» **YOUR INSTRUCTIONS**
Would you transcribe the records below from the line with "Meuble de rangement" to the line with "Dwa rodzaje piętrowych", ends included, exactly and with nothing more, leaving the pictures out?

» **SOURCE MATERIAL**
--

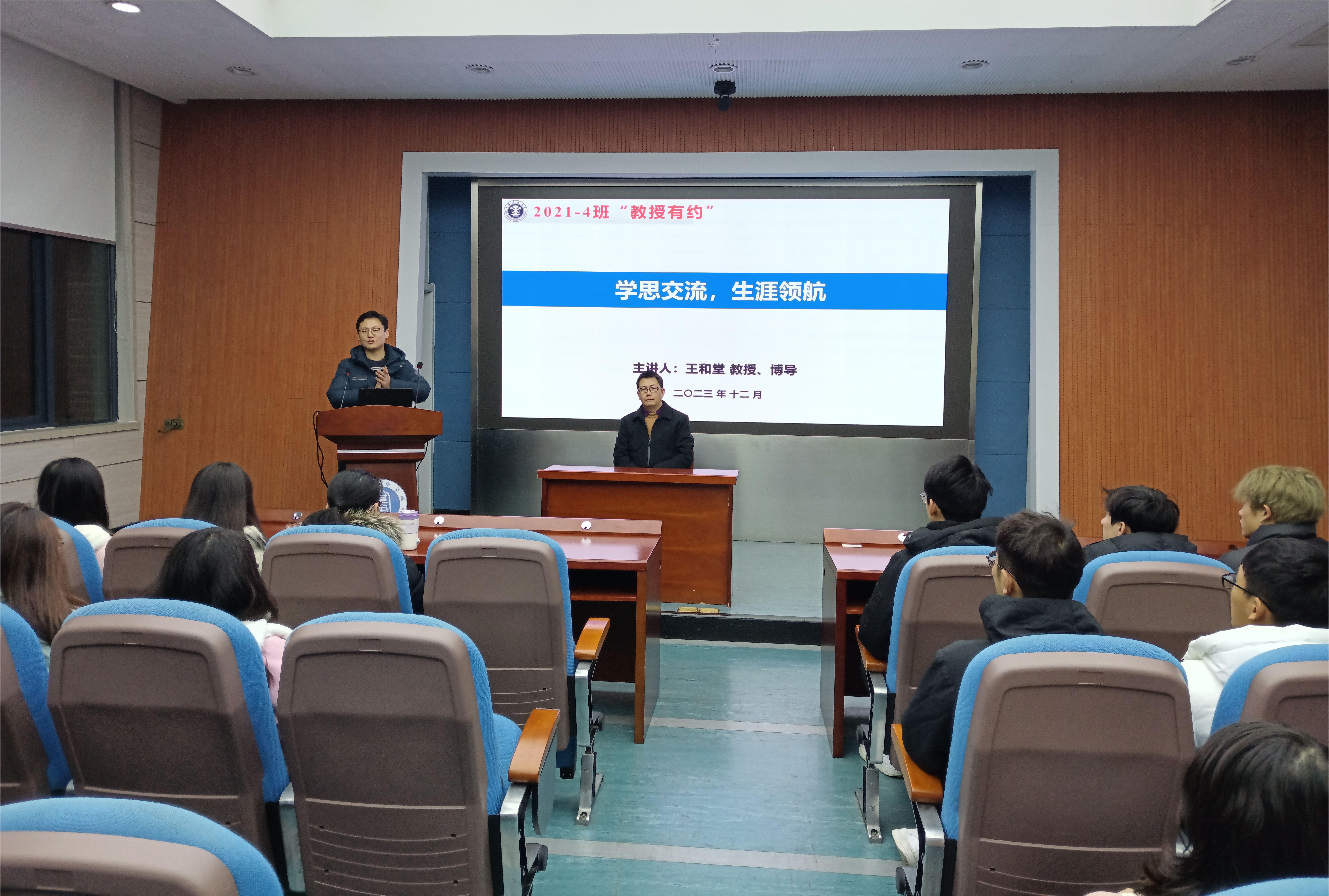 王和堂教授从学习、科研、生活等方面开展讲解。王教授表示:任何时候都不要放弃理想,他强调无论何时,无论身处何种境地,都要坚定自己的理想,有一颗强大的内心,在坚定理想的同时也要脚踏实地的努力。王教授结合自身的求学经历讲述了自己本科至博士阶段的求学历程以及任教以来的努力与选择,勉励同学们要坚定自己的理想,保持独立的人格,勤于钻研,努力提升自己。王教授表示在当今高速发展的时代,机遇与困难并存,身为大学生应当富有朝气,秉承家国情怀,在面临抉择之时,要保持本心,热爱自己的专业,在就业科研方面应该面向国家需求,作出正确的选择。活动最后,各位同学和王教授进行了热烈交流,王教授针对同学们在学习生活中遇到的困惑进行细致的解答和指导。
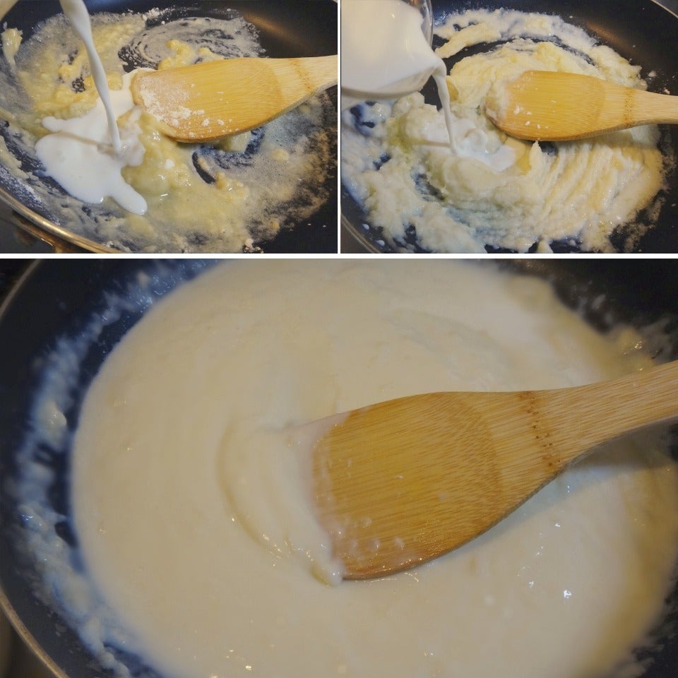 弱火で、牛乳を少量入れ、①を潰しながらよくかき混ぜ 繰り返し行い、
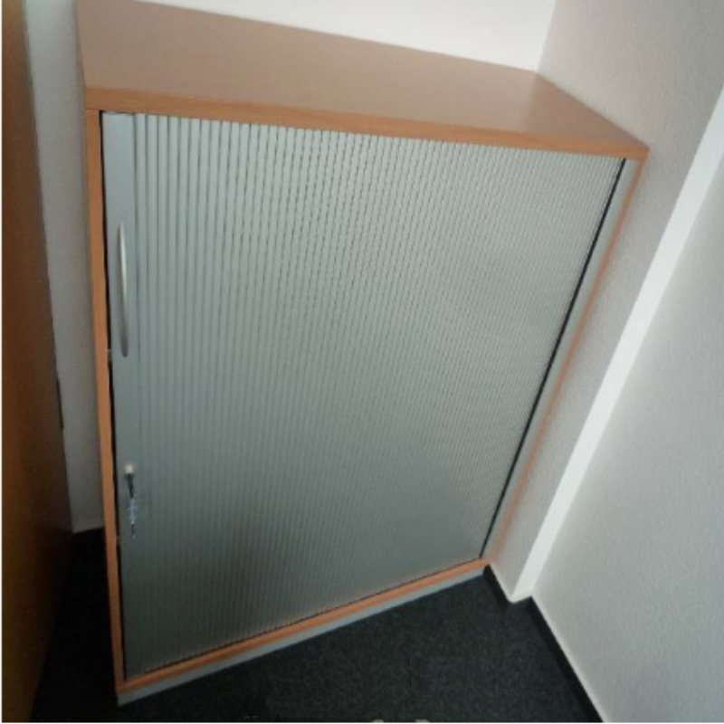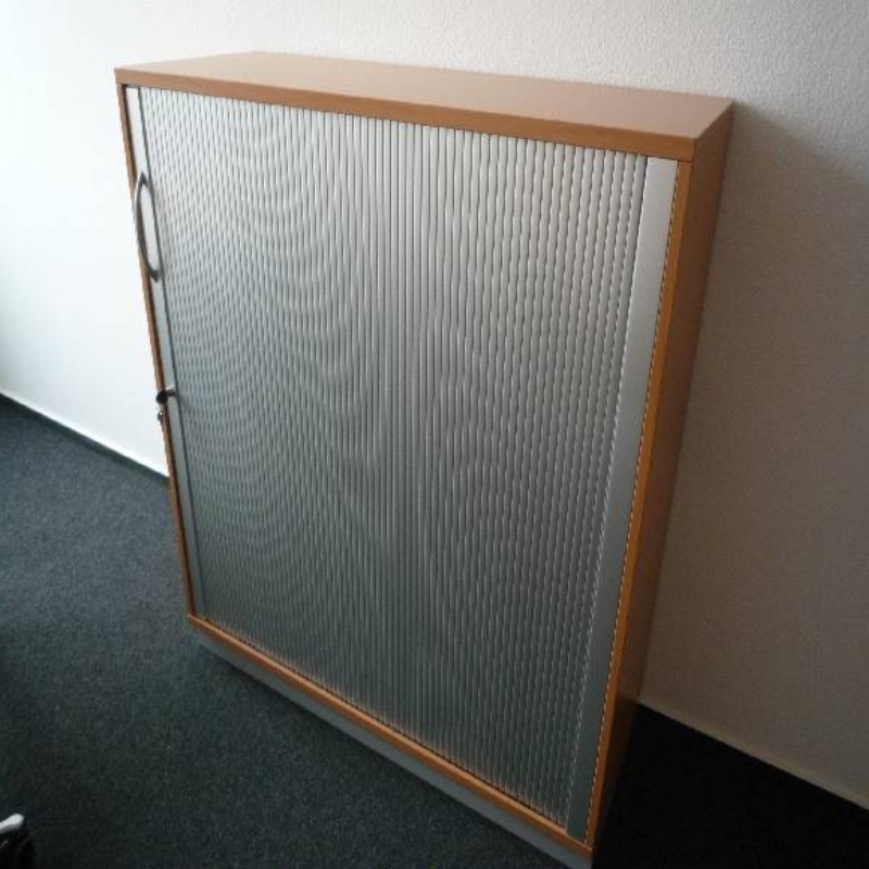Meuble de rangement avec portes coulissantes verrouillables par clé, idéal pour l’archivage sécurisé de dossiers. Dimensions : 120 × 45 × 120 cm.
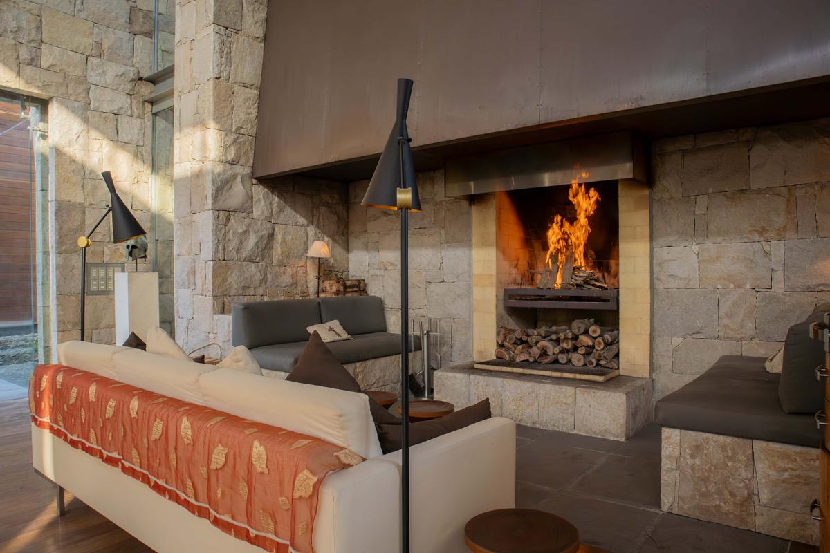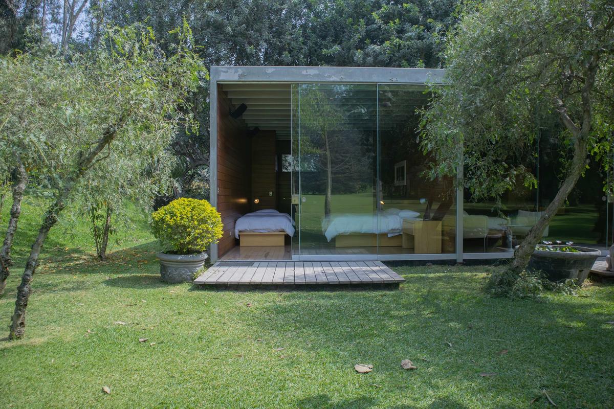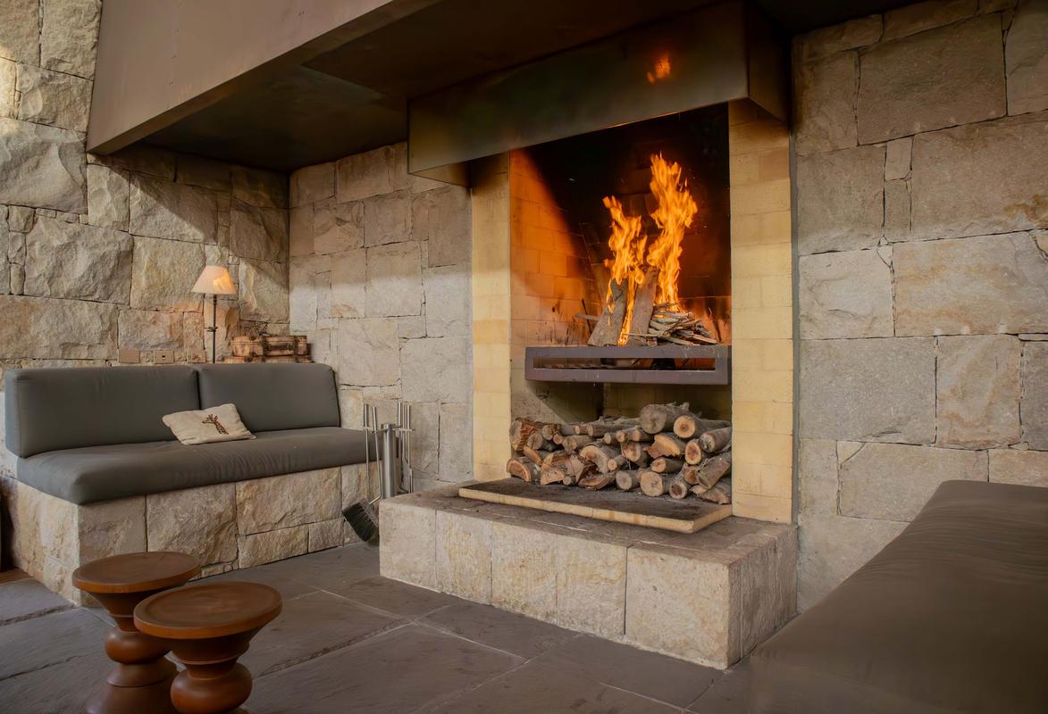 Inside the main house, you'll find two cozy bedrooms, a living room with a TV, a dining area, a fully equipped kitchen, and a lounge with a fireplace—perfect for sharing special moments on cool afternoons or evenings. All indoor spaces open onto the garden, letting nature be part of your stay at all times.
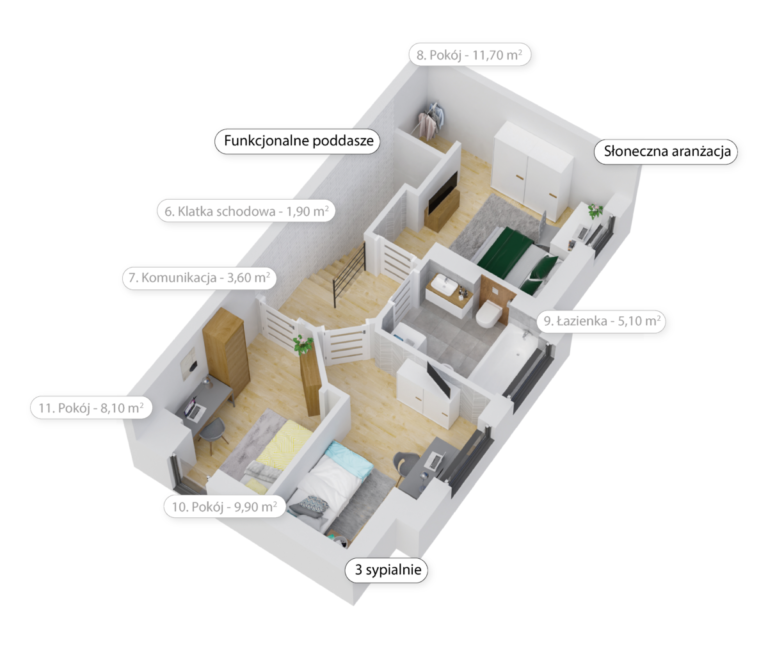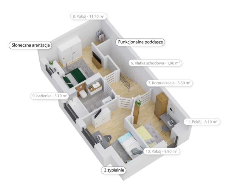 Dwa rodzaje piętrowych lokali o powierzchniach 74,6 m² i 79 m², każdy z dużym salonem z kominkiem oraz aneksem kuchennym, dwiema łazienkami, trzema sypialniami, schowkiem i poddaszem do aranżacji.
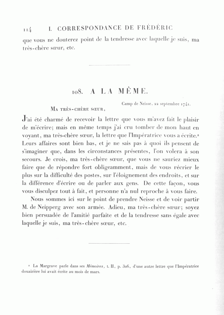 J'ai été charmé de recevoir la lettre que vous m'avez fait le plaisir de m'écrire; mais en même temps j'ai cru tomber de mon haut en voyant, ma très-chère sœur, la lettre que l'Impératrice vous a écrite.a Leurs affaires sont bien bas, et je ne sais pas à quoi ils pensent de s'imaginer que, dans les circonstances présentes, l'on volera à son secours. Je crois, ma très-chère sœur, que vous ne sauriez mieux faire que de répondre fort obligeamment, mais de vous récrier le plus sur la difficulté des postes, sur l'éloignement des endroits, et sur la différence d'écrire ou de parler aux gens. De cette façon, vous vous disculpez tout à fait, et personne n'a nul reproche à vous faire. Nous sommes ici sur le point de prendre Neisse et de voir partir M. de Neipperg avec son armée. Adieu, ma très-chère sœur; soyez bien persuadée de l'amitié parfaite et de la tendresse sans égale avec laquelle je suis, ma très-chère sœur, etc.
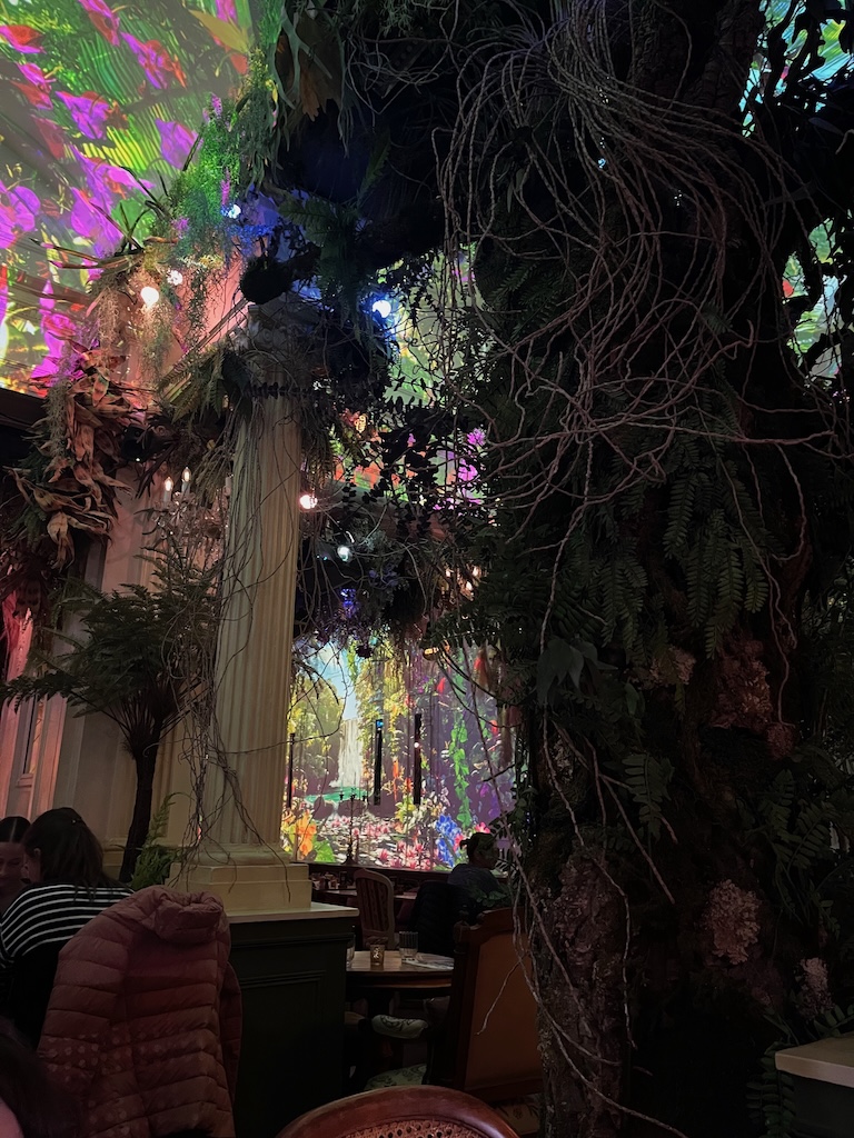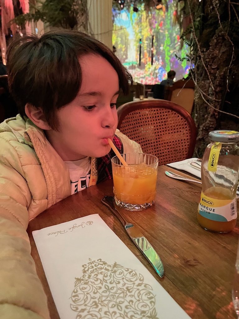 No terceiro, acordamos excitados, pois queríamos muito ir almoçar ao Jungle Palace, um restaurante com um conceito muito inovador onde podemos desfrutar dos sons e imagens da Natureza, situado bem próximo da Gare du Nord. A única coisa que não curtimos foi ser muito escuro e mais conseguíamos ver a comida… mas foi giro e diferente.
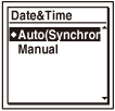 選取“Auto(Synchronizing)”時,時鐘會自動使用與IC錄音機連接的電腦(已啟用Sound Organizer軟體)時鐘進行調整。
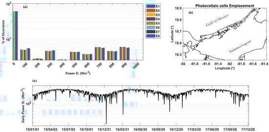 The WRF atmospheric model is a highly versatile model designed for weather forecasting and research, and has a wide range of applications, including idealized and real case simulations, air quality modeling, and ocean-atmosphere interaction studies through coupling with ocean models. WRF was developed by the National Center for Atmospheric Research (NCAR), National Oceanic and Atmospheric Administration (NOAA), National Center for Environmental Prediction (NCEP), Earth System Research Laboratory (ESRL), Air Force Weather Agency (AFWA), Naval Research Laboratory (NRL), Center for Analysis and Prediction Storms (CAPS), and the Federal Aviation Administration (FAA), and is a state of the art mesoscale numerical model aimed to enhance the understanding of atmospheric processes and improve weather prediction. The WRF database used in this work was provided by the Coastal Processes and Engineering Laboratorio from the Institute of Engineering of UNAM at Sisal, Yucatan [34]. The initial and boundary conditions for the numerical simulations were taken from the ERA-Interim atmospheric reanalysis provided by the European Center for Medium-Range Weather Forecast [35]. The numerical scheme configuration used in the simulations was based on the default of the operational forecast of the Institute of Climate Change and Atmospheric Sciences of UNAM [36], along with other standard parametrizations for tropical regions [37,38,39]. For more details on the WRF model, see ref. [40]. The simulation experiment consists of four nested computational domains, with data from the fourth domain used in this study. The fourth domain (D04) is centered on the southern coast of the GoM, approximately from Frontera, Tabasco, to Sabancuy, Campeche (Table 1). The WRF model variables used were u and v wind components (ms−1) at 10 m height and 1000 hPa, 10 m height wind direction (°), air surface temperature (°C), and shortwave radiation (SWDN) (Wm−²). The simulation period covered from 1 January 2015 at 00:00:00 to 31 December 2017 at 23:00:00 h, with hourly temporal resolution. The WRF outputs used to characterize wind and irradiance were validated in a previous study by [41], where the author compared measured data from a weather station in Ciudad del Carmen with the simulated time series of the same variables to ensure accuracy.
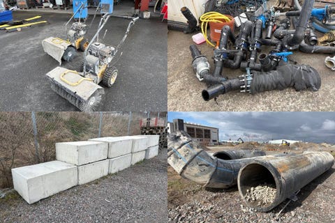 5 dagarSopmaskiner, Ventiler till PE-rör, Betongblock, PE rör
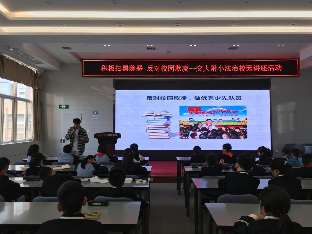 2019年4月15日,乐动手机版法学院硕7155班(三年制)党支部一行10人来到乐动手机版附属小学,以“积极扫黑除恶,反对校园欺凌”为主题开展了校园法治宣讲活动。本次宣讲分三组进行,由浅入深,以视频、情景表演、信件沟通等方式形象生动的向小学生们传达了面对校园欺凌,该如何保护自己,如何拿起法律的武器保护自己的权益。
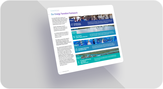 Decarbonizing Our Operations We are committed to reducing our carbon intensity by 25% by 2030 and achieving net zero by 2045 through actions including energy efficiency, the deployment of carbon capture, removal and storage technology and the electrification of our operations. CO 2 Growing Our Lower-Carbon Solutions We are growing new market opportunities and investing in new energy solutions and lower-carbon technologies, including renewables, hydrogen, and low-carbon ammonia to support our customers toward their net zero emissions ambitions. As a responsible energy provider, we are accelerating our plans to make todays energy cleaner while investing in the new energies of tomorrow. We have brought forward our net zero ambition by five years, placing us in a leading position amongst our peers. Together with partners across the value chain, we are advancing practical, sustainable and innovative solutions to accelerate the energy transition. Our strategy is anchored on four pillars to support our transition plans and meet our ambition to achieve net zero operational emissions by 2045 . These pillars are supported by an initial $15 billion investment in landmark low carbon solutions including electrification, carbon capture and hydrogen in addition to investments through Masdar to grow renewables. Our continued success depends on having a talented and diverse workforce to drive and sustain our long-term business performance and leadership in the energy transition. We will deliver an agile operating model by securing the critical skills and creating a pipeline of talent that will ensure our differentiated position in a changing energy landscape. We are also investing in equipping the future workforce with the essential skills in science, technology, engineering and mathematics, which we will deliver through our partnerships with government authorities as well as national and international academia and research centers. Our Energy Transition Framework 01 Our Energy Transition Framework Leveraging Technology and Partnerships We are leveraging our track record of global cross-industry and cross-border partnerships, operational capabilities and technology applications to develop and commercialize the technical solutions required for an inclusive energy transition. Promoting Biodiversity and Nature- Based Solutions We are working with local and global partners to create a sustainable future for biodiversity and apply nature-based solutions to minimize the adverse impacts of climate change . Pillar 1 Pillar 2 Pillar 4 Pillar 3 11 10 Advancing Towards Net Zero

--

» **REPLY**
Meuble de rangement avec portes coulissantes verrouillables par clé, idéal pour l’archivage sécurisé de dossiers. Dimensions : 120 × 45 × 120 cm.
 Inside the main house, you'll find two cozy bedrooms, a living room with a TV, a dining area, a fully equipped kitchen, and a lounge with a fireplace—perfect for sharing special moments on cool afternoons or evenings. All indoor spaces open onto the garden, letting nature be part of your stay at all times.
 Dwa rodzaje piętrowych lokali o powierzchniach 74,6 m² i 79 m², każdy z dużym salonem z kominkiem oraz aneksem kuchennym, dwiema łazienkami, trzema sypialniami, schowkiem i poddaszem do aranżacji.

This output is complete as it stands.